*SUPPLIED DATA*
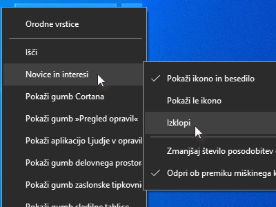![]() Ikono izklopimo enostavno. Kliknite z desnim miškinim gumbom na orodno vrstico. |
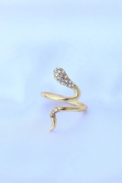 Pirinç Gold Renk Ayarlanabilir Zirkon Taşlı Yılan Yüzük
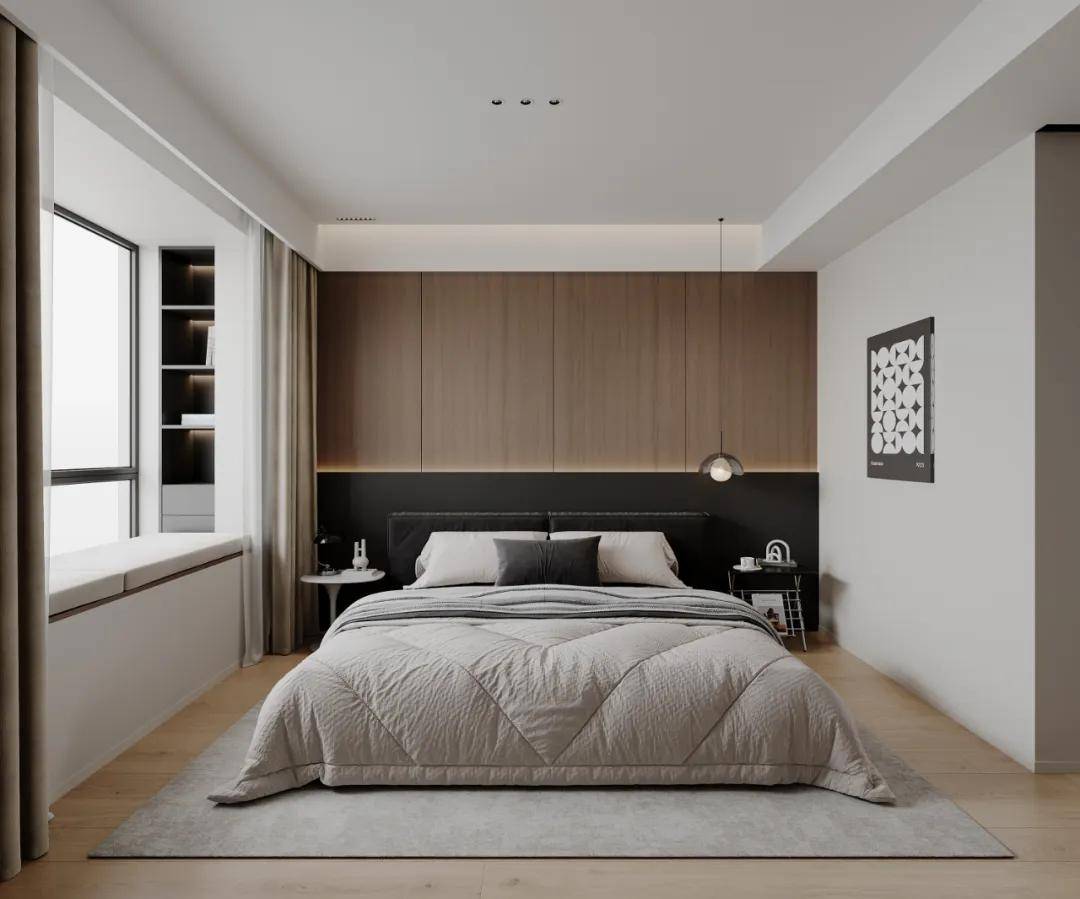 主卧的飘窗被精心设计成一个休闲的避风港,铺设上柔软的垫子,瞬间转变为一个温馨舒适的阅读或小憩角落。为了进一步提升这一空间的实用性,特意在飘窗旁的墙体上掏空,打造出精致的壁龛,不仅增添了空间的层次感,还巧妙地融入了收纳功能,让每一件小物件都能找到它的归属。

*TASK DIRECTIONS*
Output, exactly and only: the line containing "Pirinç Gold Renk", the last line of the listing above, and every line in between. Leave the pictures out.

*ANSWER TO THE PROBLEM*
 Pirinç Gold Renk Ayarlanabilir Zirkon Taşlı Yılan Yüzük
 主卧的飘窗被精心设计成一个休闲的避风港,铺设上柔软的垫子,瞬间转变为一个温馨舒适的阅读或小憩角落。为了进一步提升这一空间的实用性,特意在飘窗旁的墙体上掏空,打造出精致的壁龛,不仅增添了空间的层次感,还巧妙地融入了收纳功能,让每一件小物件都能找到它的归属。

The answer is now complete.